# Free upgrade to Zenith's Bitz Nock Receiver



## DonsHarley (Sep 10, 2003)

*upgrade*

Joe what's the price for the new upgrade kit? I need to order one today


----------



## zenarch (Aug 3, 2002)

DonsHarley said:


> Joe what's the price for the new upgrade kit? I need to order one today


Don,
Click on the link to the web site and all the informationn is there. It's $30 + $3 shipping.
Joe B.


----------



## zenarch (Aug 3, 2002)

bump


----------



## zenarch (Aug 3, 2002)

bump


----------



## zenarch (Aug 3, 2002)

ttt


----------



## pintojk (Jan 31, 2003)

just picked mine up at the IBO Worlds, totally easy to install, and works great :thumb:

Thanks


----------



## Moparmatty (Jun 23, 2003)

pintojk said:


> just picked mine up at the IBO Worlds, totally easy to install, and works great :thumb:
> 
> Thanks


Thought you were going to Mosport? :mg:


----------



## zenarch (Aug 3, 2002)

ttt


----------



## SandSquid (Sep 2, 2008)

*Outstanding!!!*

Great product, does everything it claims with ease. Mine did arrive a bit "dinged" most likely from being tossed about in a bin with hundreds of others, but it did not effect the usability one bit. Purely cosmetic. 

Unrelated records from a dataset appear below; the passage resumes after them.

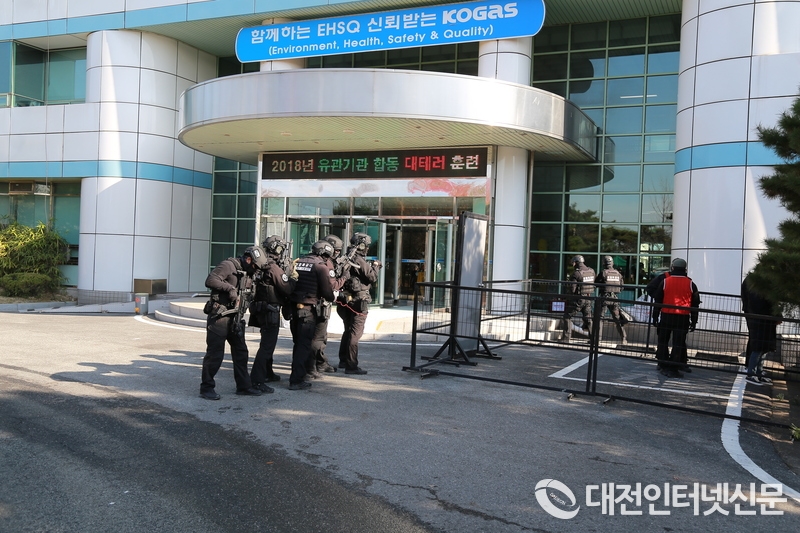 대전중부경찰서(서장 안태정)는 11월 23일 14시, 각종 테러위협에 대비하고 위기관리 대응역량 강화를 위해 중촌동‘한국가스공사 대전충청본부’에서 소방서, 32사단 화생방지원대, 제505여단 5대대, 금강유역환경청, 한국가스공사 등 6개 유관기관 82명이 참석한 가운데 합동훈련을 실시하였다.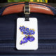 Schmuck, blau, Saphir, funkelnder Schmetterling aus Blume mit blauen, wertvollen Blume mit goldenen Blätter auf weißem Hintergrund.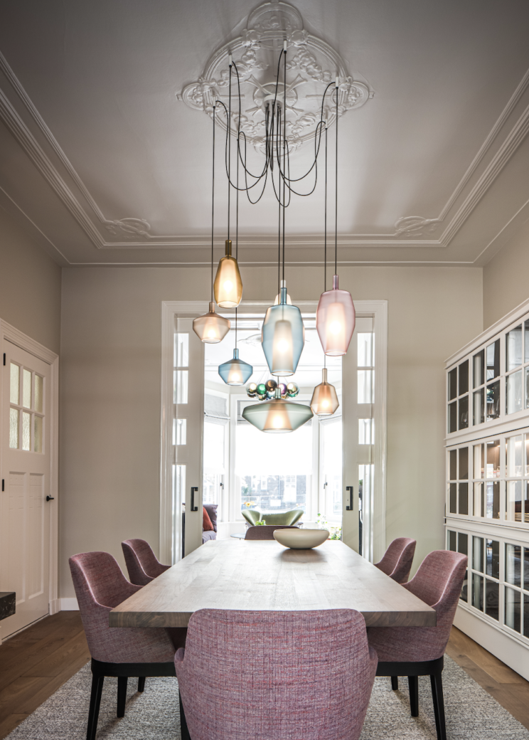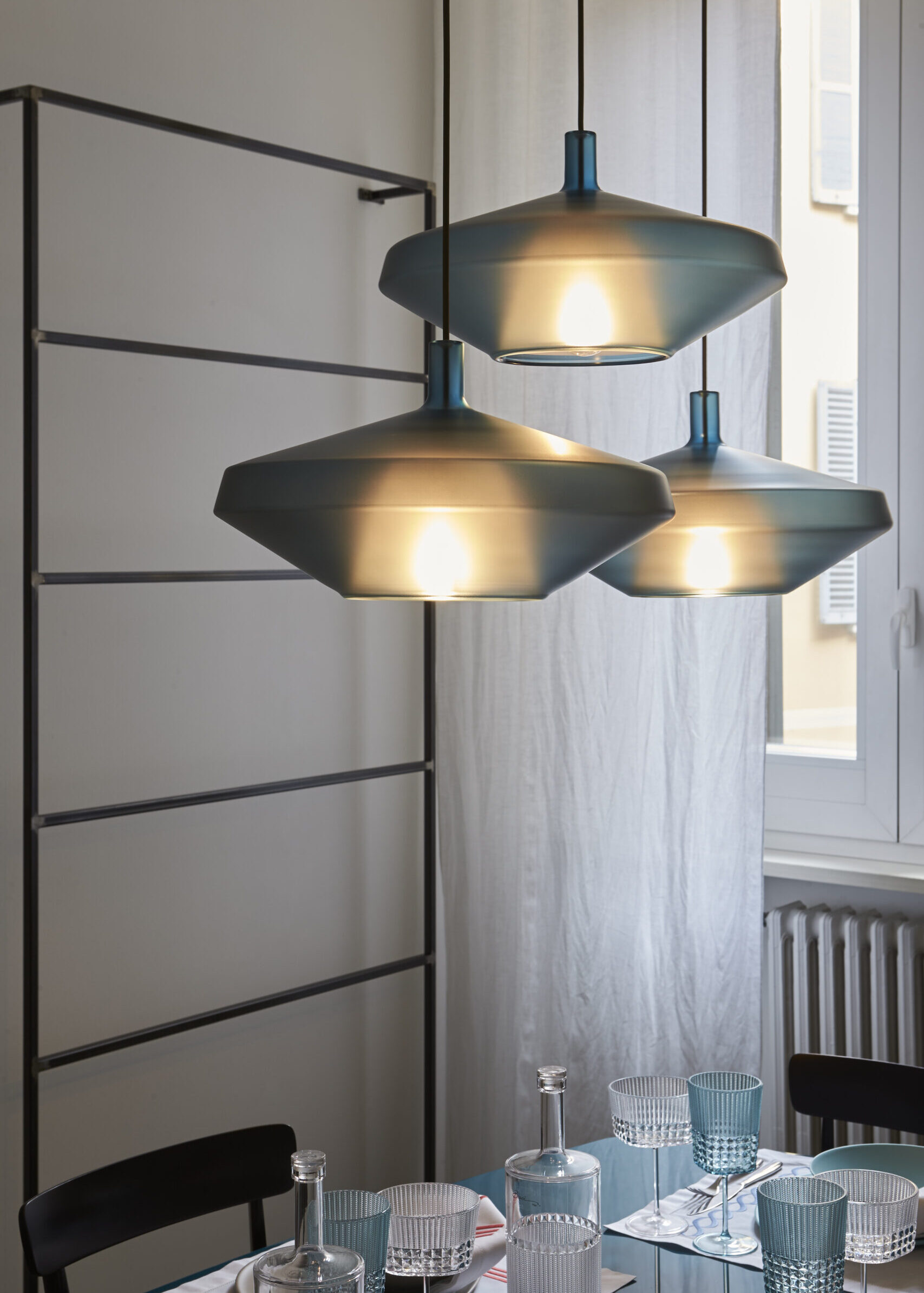 The Mom suspension lamp takes inspiration from Venetian tradition, echoing the timeless elegance of classic Murano glass vases. Its sculptural blown-glass form with refined opaque finishes brings sophistication, artistry, and a contemporary touch to modern interiors.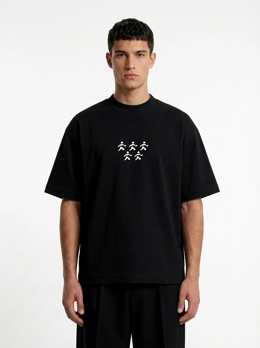 Crafted from premium interlock cotton, this oversized t-shirt offers a structured yet comfortable feel. خامة تقيلة وناعمة بتحافظ على شكل التيشرت وبتديك راحة طول اليوم.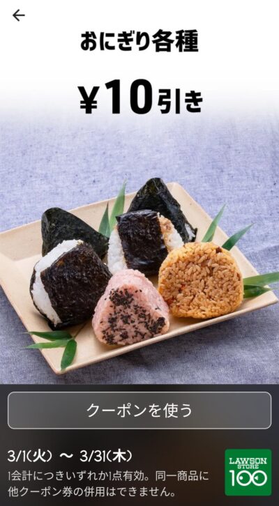 ローソンストア100 おにぎり各種10円引き Published 2022年3月2日 at 400 × 726 in 【2024年2月最新】ローソンの割引クーポンまとめ情報 おにぎり各種10円引き 広告 ← Previous Next →

By placing one of my previously fletched arrows in the new holder and rotating it, it was plainly apparent how inaccurate the bitz receiver was in comparison.

As a former Machinist and Apprentice Toolmaker (in the late 80's) I can say that a lot of thought and (CNC) programming went into the creation of these babies and the tolerances are better than that of the jigs they are going into. The machining is clean, installation was a breeze.


----------